The New Player on Excitation-Contraction Coupling Block

Martin Morad, Lars Cleemann, Björn C. Knollmann

From the Department of Pharmacology, Georgetown University, Washington, DC.

Correspondence to Martin Morad, Georgetown University, Dept. of Pharmacology, 3900 Reservoir Road, NW, Washington DC, 20057. E-mail moradm{at}georgetown.edu



See related article, pages 651–658


Key Words: triadin overexpression • cardiac Ca2+ signaling • cardiac EC coupling • ryanodine receptors • calsequestrin • arrythmia


*    Introduction
up arrowTop
*Introduction
down arrowVoltage-Dependence of CICR
down arrowAdenovirus-Mediated Versus...
down arrowArrhythmia and TRD
down arrowReferences
 
The Ca2+ movements that control many cellular functions, including contraction of striated and smooth muscle cells and vesicular secretion from endocrine cells and nerve terminals, are increasingly recognized to involve macromolecular Ca2+-signaling complexes that, in addition to the key Ca2+-transporting proteins, include large numbers of associated proteins that provide a variety of regulatory, structural and Ca2+-sensing/buffering functions.
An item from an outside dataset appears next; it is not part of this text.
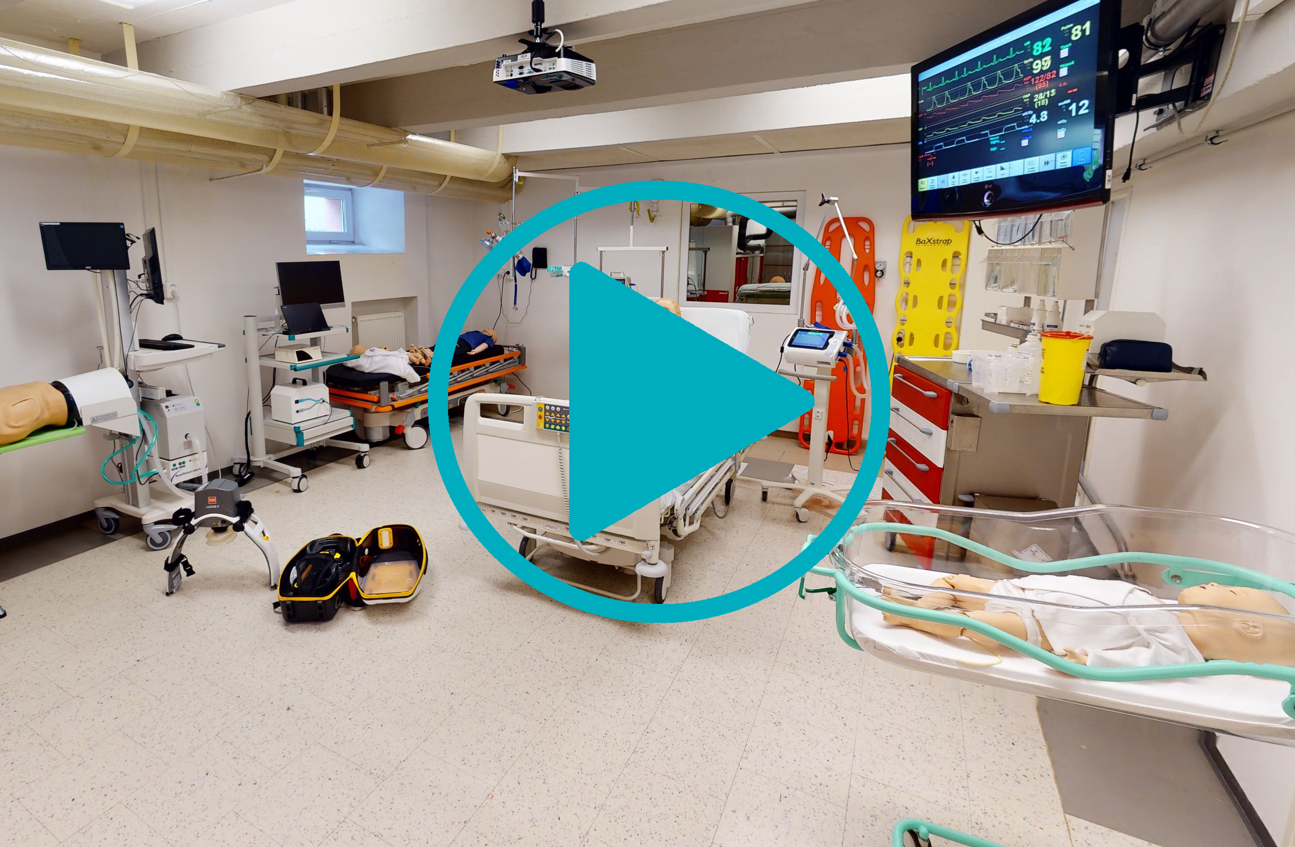 Součástí prohlídky jsou videa o našem sanitním voze, virtuálním pitevním stole, pacientském simulátoru SIMMAN 3G nebo přístroji LUCAS 3 k nepřímé masáži srdce.
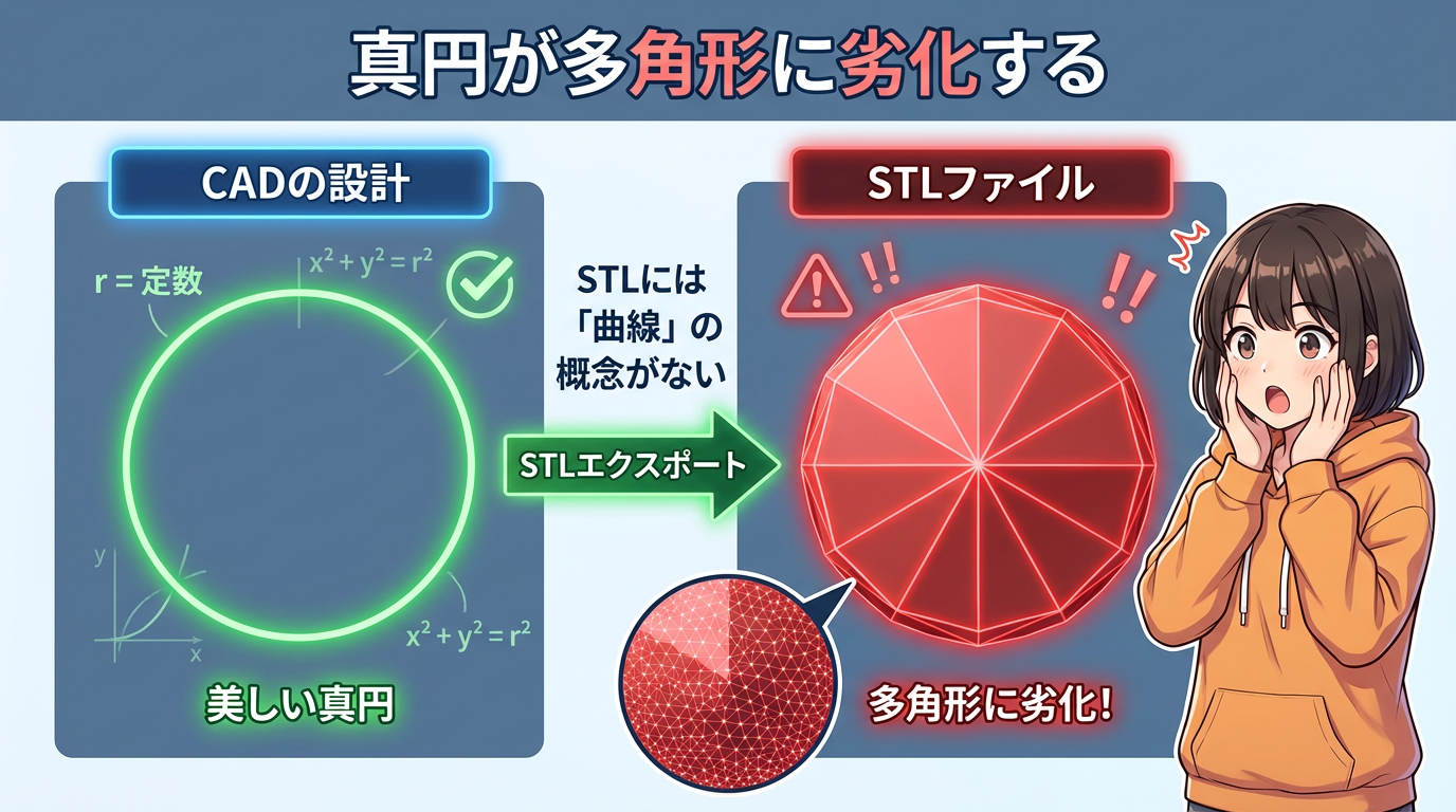STLには「曲線」の概念がありません。すべて平面の三角形で表現される。だから真円は、16角形や32角形の多角形に「劣化」するんです😱

The importance of working out the subtle interactions within these macromolecular complexes is underscored by the genetic diseases that have been associated with mutations of their constituent proteins.

In this issue, Terentyev et al1 use a spectrum of molecular and electrophysiological techniques to demonstrate that triadin (TRD) plays an unexpectedly important role in regulating the ryanodine receptors (RyRs), found primarily in dyadic junctions of cardiac sarcoplasmic reticulum (SR; Figure). It has been previously suggested that TRD and junctin are integral membrane proteins of the junctional SR, and serve as linker proteins from the SR Ca release channel (RyR) to calsequestrin (CSQ) complexes, the major Ca2+-buffer in the lumen of the SR (Figure).2 The large ({approx}4500 aa) cytoplasmic domain of RyR appears to have multiple binding sites for an ever-growing list of proteins that includes: calmodulin, PKA, FKBP 12.6.3 The major findings of the present communication are that overexpression of TRD leads to 3-fold increase in open probability of RyRs in bilayers, a 60% increase in spontaneous spark frequency with only minor decreases in spark amplitude ({approx}10%) and SR Ca2+ content ({approx}30%), as well as a marked alteration in the voltage dependence of Ca2+ release. The authors propose the activity of RyRs to be directly modulated by the level of expression of TRD, most likely mediated by amino acid residues 200 to 224 of TRD, associating with RyR in a manner similar to that of CSQ. They provide fairly clear evidence that these residues are critical for the described excitation-contraction (EC) coupling phenotype, as transfection of myocytes without this domain failed to alter the control EC coupling phenotype. Because a decrease of the Ca2+-content of the SR by 30% would have a direct inhibitory effect on the frequency of occurrence of spontaneous sparks and the open probability of RyRs as previously proposed, the observed increases in frequency of sparks and open probability of single RyRs is even more impressive, suggesting that TRD may be a more critical regulator of RyR activity, perhaps even more than luminal SR Ca2+ concentrations.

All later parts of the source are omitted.